*WHAT TO WORK ON:* What you return should be the lines from the one with "蔬菜之家全年可栽培 短期收成葉菜類種子系列 (各種包裝數量詳見內文及圖片)" through the one with "These leggings features" in the data below, reproduced exactly with both ends, and no pictures at all.

--- RECORDS FOR THIS EXERCISE Enclosed Below ---

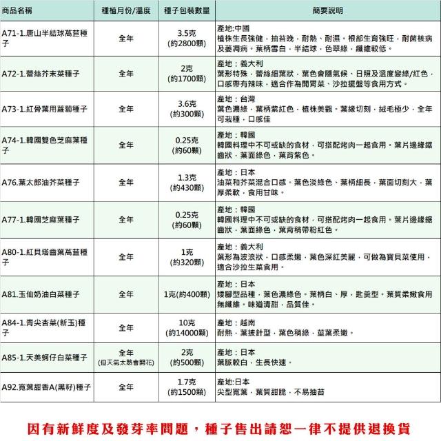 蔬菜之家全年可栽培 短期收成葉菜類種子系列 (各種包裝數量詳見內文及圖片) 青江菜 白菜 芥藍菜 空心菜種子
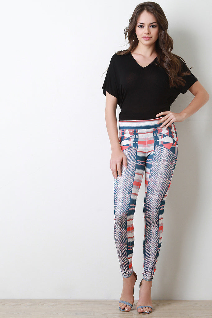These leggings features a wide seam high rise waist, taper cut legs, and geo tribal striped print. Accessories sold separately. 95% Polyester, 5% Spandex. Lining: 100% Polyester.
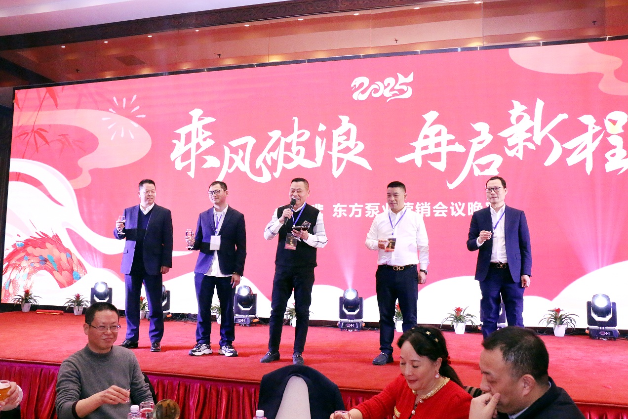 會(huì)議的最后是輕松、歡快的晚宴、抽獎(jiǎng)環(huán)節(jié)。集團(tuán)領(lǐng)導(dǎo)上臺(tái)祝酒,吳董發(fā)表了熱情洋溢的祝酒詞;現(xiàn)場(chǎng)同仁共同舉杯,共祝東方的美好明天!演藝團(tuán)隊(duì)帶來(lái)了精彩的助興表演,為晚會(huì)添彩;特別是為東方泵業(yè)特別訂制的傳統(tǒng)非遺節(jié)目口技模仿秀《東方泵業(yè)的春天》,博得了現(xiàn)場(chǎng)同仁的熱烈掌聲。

--- End of Enclosed RECORDS FOR THIS EXERCISE ---
--- RECORDS FOR THIS EXERCISE Enclosed Below ---

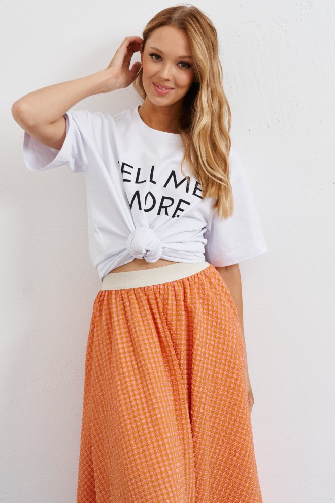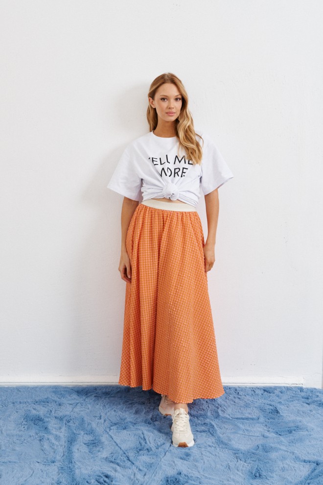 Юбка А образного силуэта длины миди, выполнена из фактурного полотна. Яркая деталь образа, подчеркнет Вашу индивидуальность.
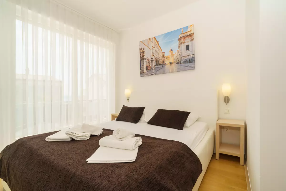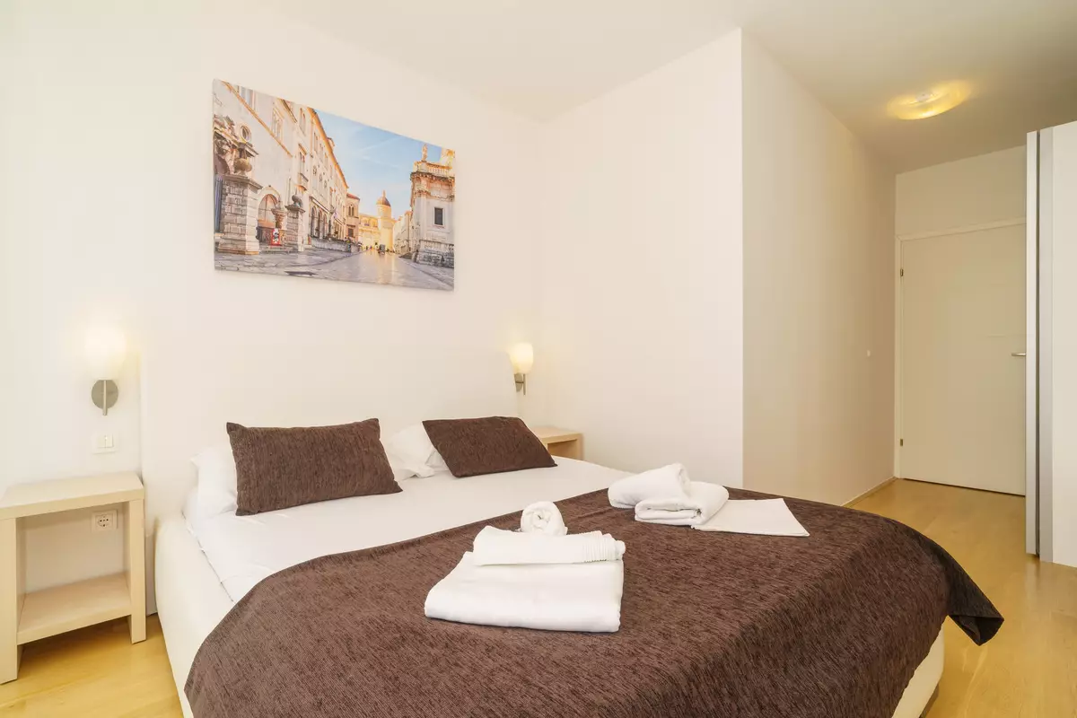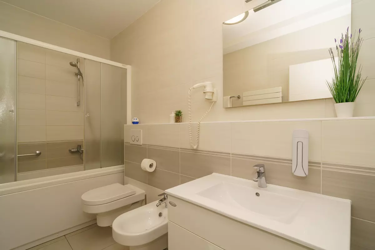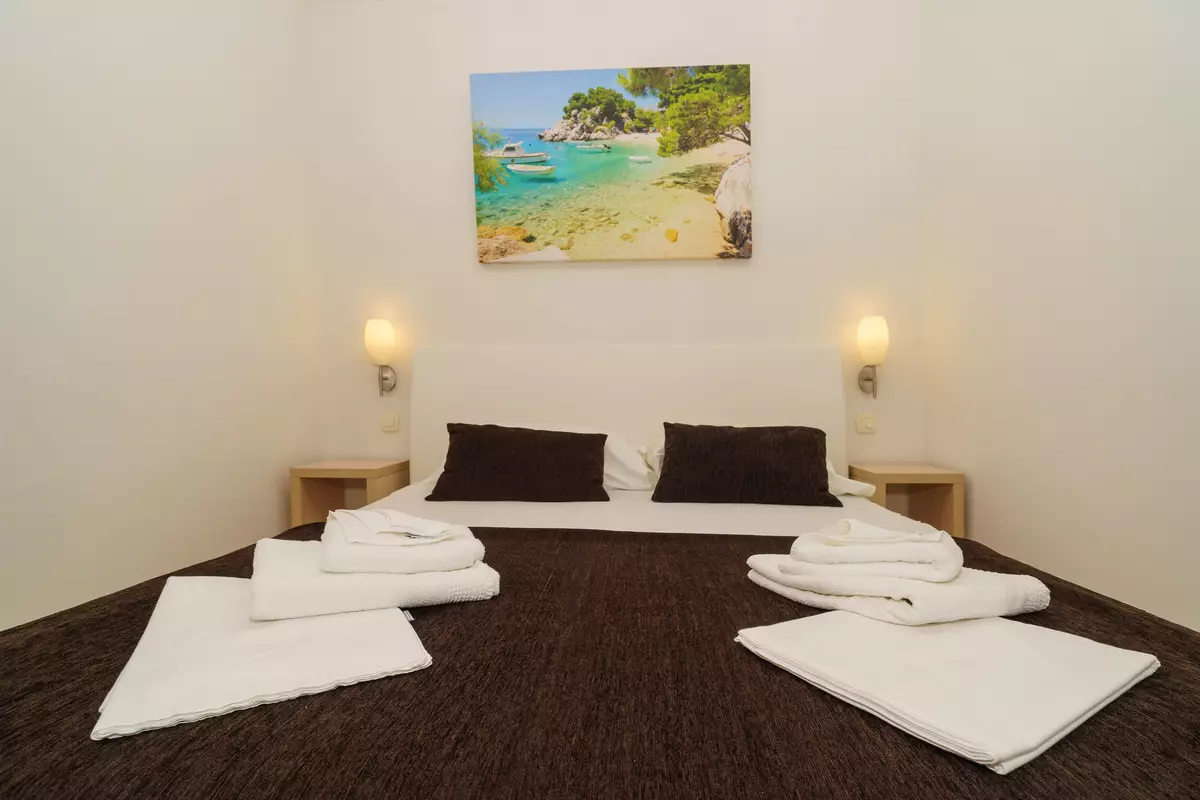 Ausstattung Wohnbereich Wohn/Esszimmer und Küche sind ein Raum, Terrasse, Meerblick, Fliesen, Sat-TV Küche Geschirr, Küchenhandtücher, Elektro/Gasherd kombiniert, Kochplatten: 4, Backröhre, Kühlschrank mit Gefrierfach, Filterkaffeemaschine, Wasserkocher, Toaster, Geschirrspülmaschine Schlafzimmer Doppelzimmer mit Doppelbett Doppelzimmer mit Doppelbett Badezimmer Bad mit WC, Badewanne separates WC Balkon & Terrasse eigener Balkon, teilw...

--- End of Enclosed RECORDS FOR THIS EXERCISE ---

*REPLY TO THE EXERCISE:*
 蔬菜之家全年可栽培 短期收成葉菜類種子系列 (各種包裝數量詳見內文及圖片) 青江菜 白菜 芥藍菜 空心菜種子
These leggings features a wide seam high rise waist, taper cut legs, and geo tribal striped print. Accessories sold separately. 95% Polyester, 5% Spandex. Lining: 100% Polyester.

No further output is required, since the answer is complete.